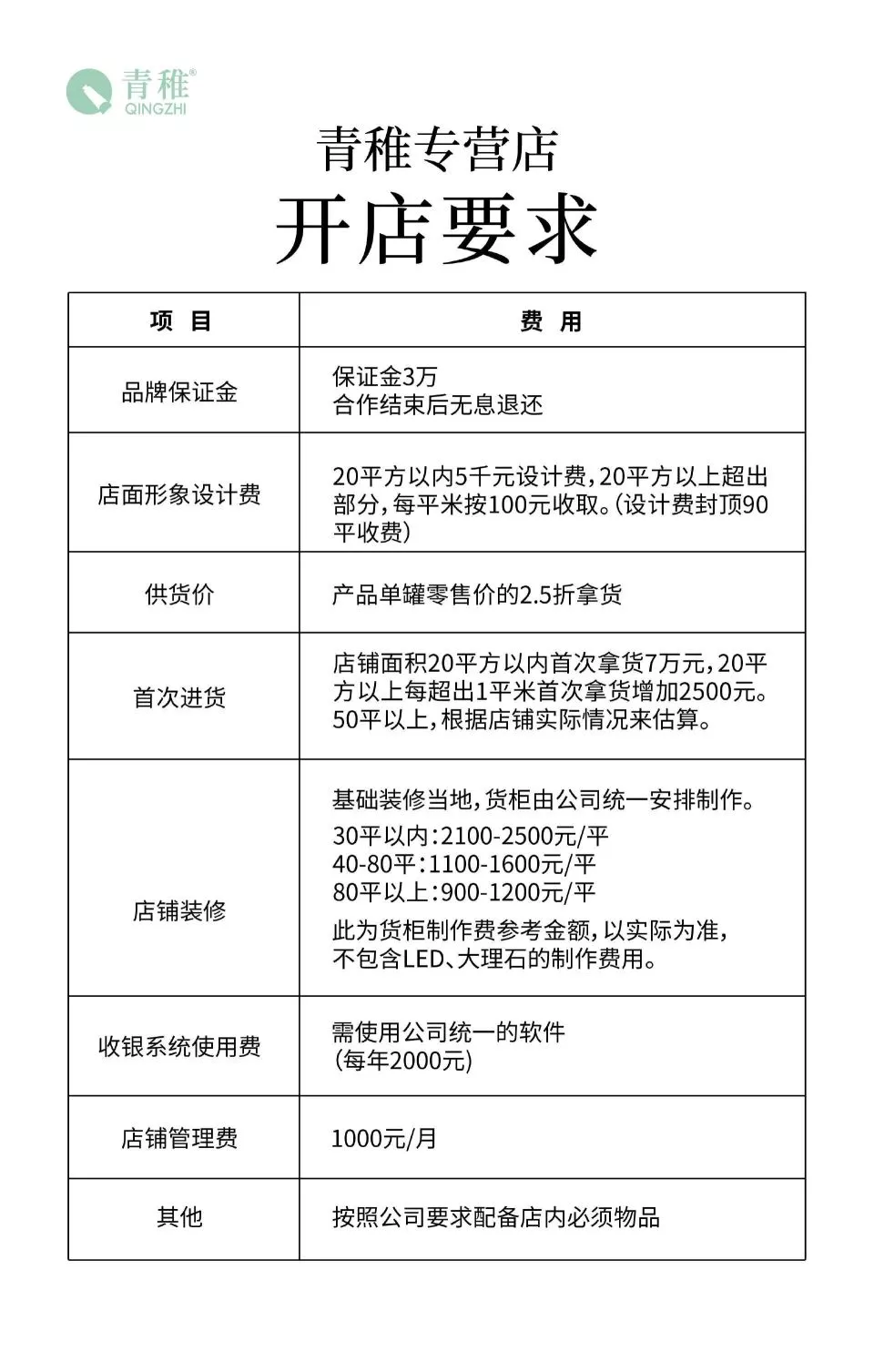 “青稚” 的加盟政策堪称 “低门槛”:不收取加盟费,只要求加盟商支付 3 万元保证金,首次进货金额在 7-10 万元,同时承诺
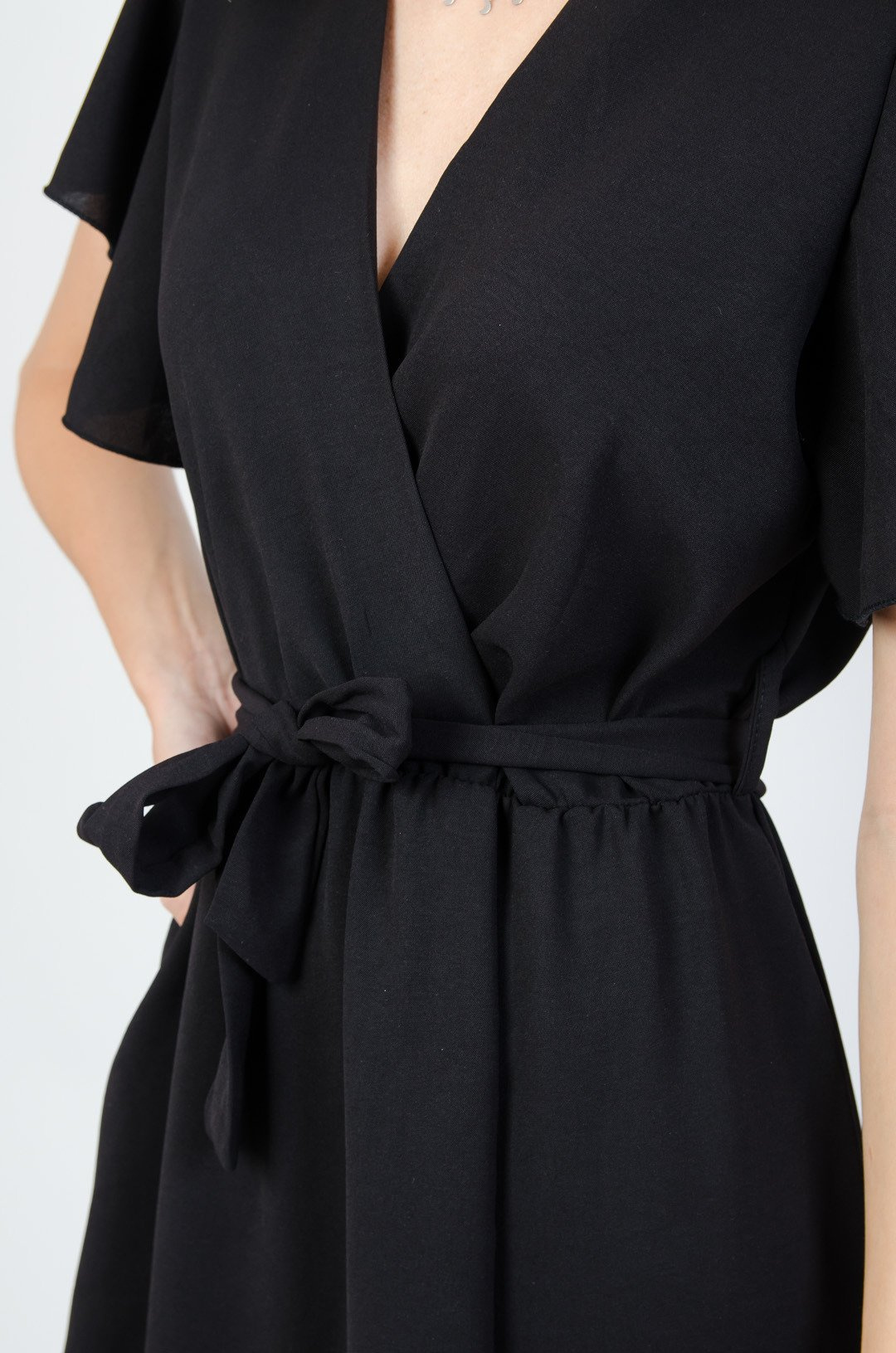 Czarna długa sukienka z rozcięciem wiązana w pasie
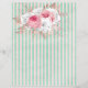Het en vrouwelijke ontwerp is voorzien van grote bouquet met roze rozen en andere bloemstukken en bladeren op de achtergrond van noodlijdende munt en bleke roze strepen. OPMERKING: Bouquet in verschillende posities voor en achter
----
**About this task:**
Could you print the listing above word for word, without its pictures?

**Answer to this exercise:**
 “青稚” 的加盟政策堪称 “低门槛”:不收取加盟费,只要求加盟商支付 3 万元保证金,首次进货金额在 7-10 万元,同时承诺
 Czarna długa sukienka z rozcięciem wiązana w pasie
Het en vrouwelijke ontwerp is voorzien van grote bouquet met roze rozen en andere bloemstukken en bladeren op de achtergrond van noodlijdende munt en bleke roze strepen. OPMERKING: Bouquet in verschillende posities voor en achter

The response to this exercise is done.